Die Fahrgäste im Interregio Basel-Zürich staunten heute Morgen nicht schlecht. Als SBB-Angestellte verkleidete umverkehR-AktivistInnen haben in einem Viererabteil eine Parkuhr aufgestellt und am Fenster einen Hinweis «Sitzplätze sind ab Dezember 2010 zahlungspflichtig» angebracht. umverkehR fordert mit der nicht ganz ernst gemeinten Aktion, dass die SBB anstelle von Tariferhöhungen Parkuhren in den Zugabteilen aufstellt und man für einen Sitzplatz pro halbe Stunde 1.- Franken bezahlt. «Diese Massnahme dürfte auch Autofahrer und Autofahrerinnen zum Umsteigen ermuntern, da sie mit der Parkuhr bereits

bestens vertraut sind» kommentiert Co-Präsident Christian Harb von umverkehR die Vorteile der neuen Einnahmequelle.

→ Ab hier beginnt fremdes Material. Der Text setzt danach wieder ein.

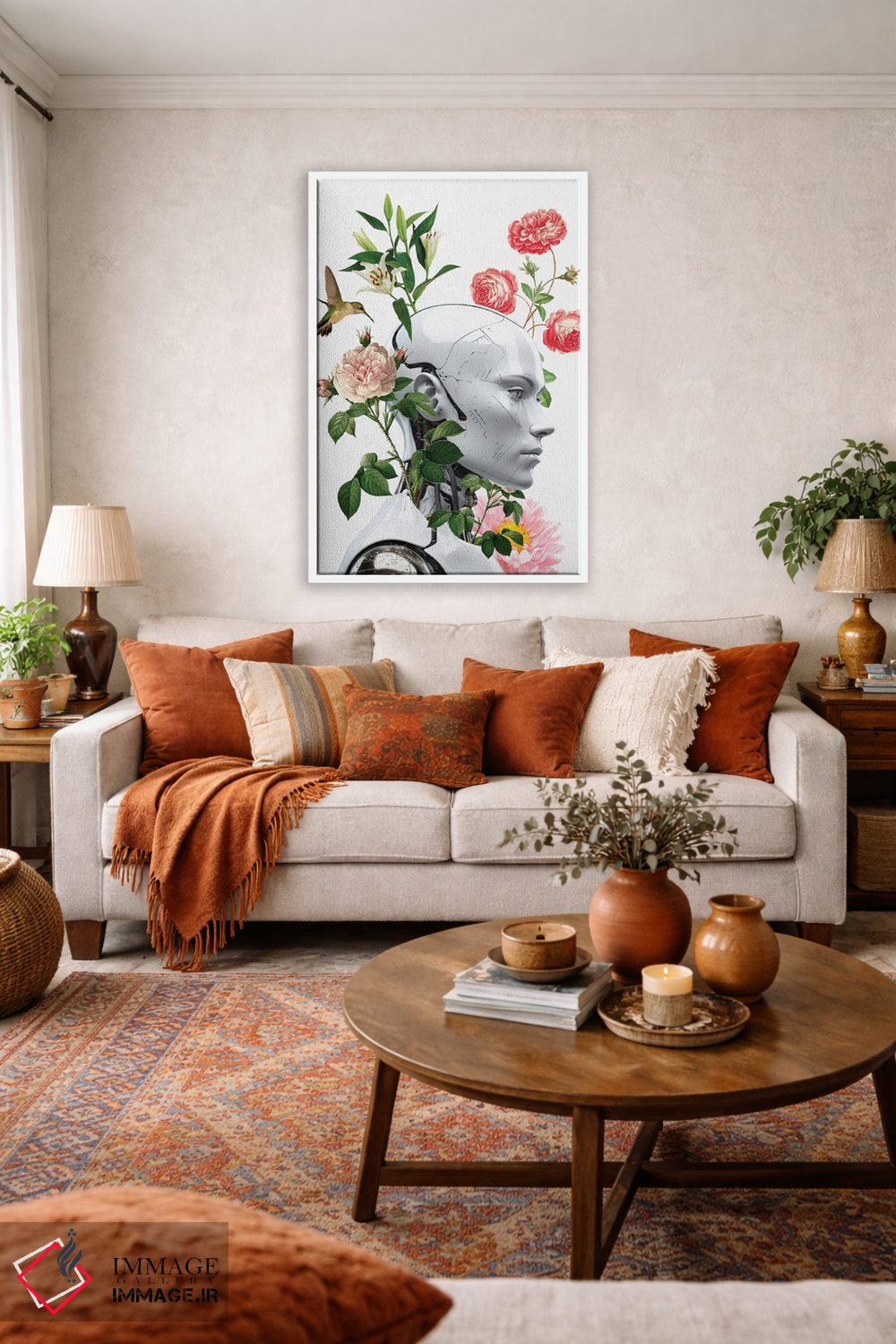 بوم گالری ایماژ طوری طراحی شده که اثر روی دیوار «پرداختشده» و حرفهای دیده شود—نه پرزرقوبرقِ بیپایه؛ بلکه دقیق و خوشپرداخت. بافت ظریف کنواس باعث میشود حس اثر هنری را در نگاه نزدیک نگه میدارد و همین «پرداخت» تفاوت را میسازد. در کنترل تونها، تعادل بهتری بین نور و رنگ ایجاد میکند. حاصل کار، یک تابلو خوشنشین است که هم از دور اثرگذار است و هم از نزدیک خوشخوان؛ برای هدیهی هنری هم انتخاب محترمانهای است.

Hintergrund der Aktion sind die Tariferhöhungen der SBB auf Ende Jahr. Zwischen 2006 und 2010 sind die SBB-Tarife fast doppelt so stark wie die Teuerung gestiegen und deutlich stärker als die Benzinpreise. «umverkehR ist nicht grundsätzlich gegen höhere Tarife für den ÖV», so Christian Harb. «Die ÖV-Tarife dürfen aber in der Zukunft nur dann steigen, wenn auch die Kosten für das Auto erhöht werden – ansonsten kommt es zu einer Wettbewerbsverzerrung auf Kosten der Umwelt» ergänzt Harb. Die wachsenden Infrastrukturausgaben dürfen zudem nicht den Bahngästen überwälzt werden, dazu muss die Politik Lösungen suchen. Ansonsten verliert der öffentliche Verkehr – der heute immer noch günstiger als das Auto ist – an Attraktivität. umverkehR wird Anfang September konkrete Forderungen präsentieren.